Maybe this will end the absurd practice of sending clean water down the toilet. There needs to be a policy that requires all residences and commercial buildings to collect all the sink and shower water for use in toilets.
Not saying to burn through water like crazy, but NASA has very much went left-wing wacko over the last 6-years so anything they say has to be run through a serous truth or fact checker and reasoned thought. NASA has aligned itself with the left agenda.
All water on the planet is billions of years old, it’s been recycled through plants, animals and humans over and over. You could be very likely drinking the same molecules of water someone drank in 1,400 BC Babylon. Water does not disappear into space, we have the same amount we did 10,000 years ago. Yea it moves around and some areas dry out, but the fact it can’t get off the planet means when one place dries out, someplace else gets wetter. You can’t defy the laws of nature.
California is dry right now, but here in Ohio it won’t stop raining, it’s been raining almost every day for 2-months.
(There needs to be a policy that requires all residences and commercial buildings to collect all the sink and shower water for use in toilets.)

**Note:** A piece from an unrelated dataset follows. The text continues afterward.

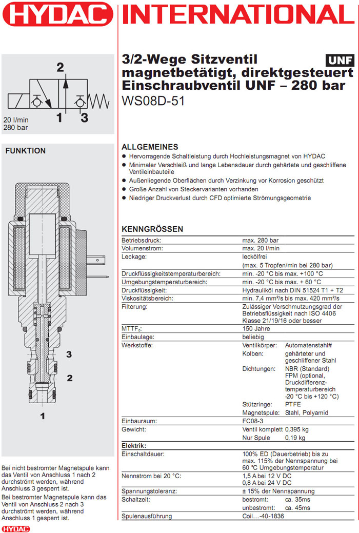 WS08D-51-C-N-24DG,WS08D-51-C-N-230AG,HYDAC二位三通方向提升閥

More government is not the answer. Seldom does government fix problems and many times the laws they pass have numerous unintended results that makes peoples life much worst and don’t fix the original problem.
One look at the Federal Reserve (that by the way is not Federal and has no reserve) shows us that since it’s creation meant to stabilize our money supply has done just the opposite. This is how government works, a smart populous (and collectively we are far from smart) keeps government small and in check.
Government is a deadly virus masquerading as it’s own cure.